• _Exercise description_
Each line starting at the one that contains "Wir wünschen allen" and ending at the one that contains "На это намекает" must be returned exactly, and the rest of the listing is left out.

• _Source data_
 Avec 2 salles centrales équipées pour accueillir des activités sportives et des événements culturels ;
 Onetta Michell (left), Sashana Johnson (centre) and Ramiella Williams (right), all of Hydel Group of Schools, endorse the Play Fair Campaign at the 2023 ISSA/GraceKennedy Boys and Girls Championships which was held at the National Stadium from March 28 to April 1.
* * *
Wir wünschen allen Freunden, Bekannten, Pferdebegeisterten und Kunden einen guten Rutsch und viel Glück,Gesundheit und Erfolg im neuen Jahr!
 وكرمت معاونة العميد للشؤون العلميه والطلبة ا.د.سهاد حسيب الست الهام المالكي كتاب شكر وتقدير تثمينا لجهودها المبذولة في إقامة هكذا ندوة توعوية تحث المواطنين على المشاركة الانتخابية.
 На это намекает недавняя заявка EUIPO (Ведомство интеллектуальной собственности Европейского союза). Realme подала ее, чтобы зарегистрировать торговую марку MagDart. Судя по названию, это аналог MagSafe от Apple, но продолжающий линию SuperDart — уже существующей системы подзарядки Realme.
==
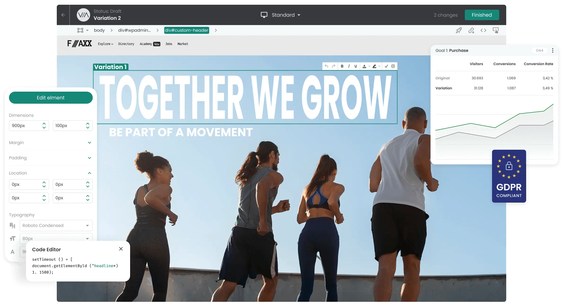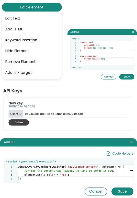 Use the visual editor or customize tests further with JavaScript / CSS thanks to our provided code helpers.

• _Task response_
Wir wünschen allen Freunden, Bekannten, Pferdebegeisterten und Kunden einen guten Rutsch und viel Glück,Gesundheit und Erfolg im neuen Jahr!
 وكرمت معاونة العميد للشؤون العلميه والطلبة ا.د.سهاد حسيب الست الهام المالكي كتاب شكر وتقدير تثمينا لجهودها المبذولة في إقامة هكذا ندوة توعوية تحث المواطنين على المشاركة الانتخابية.
 На это намекает недавняя заявка EUIPO (Ведомство интеллектуальной собственности Европейского союза). Realme подала ее, чтобы зарегистрировать торговую марку MagDart. Судя по названию, это аналог MagSafe от Apple, но продолжающий линию SuperDart — уже существующей системы подзарядки Realme.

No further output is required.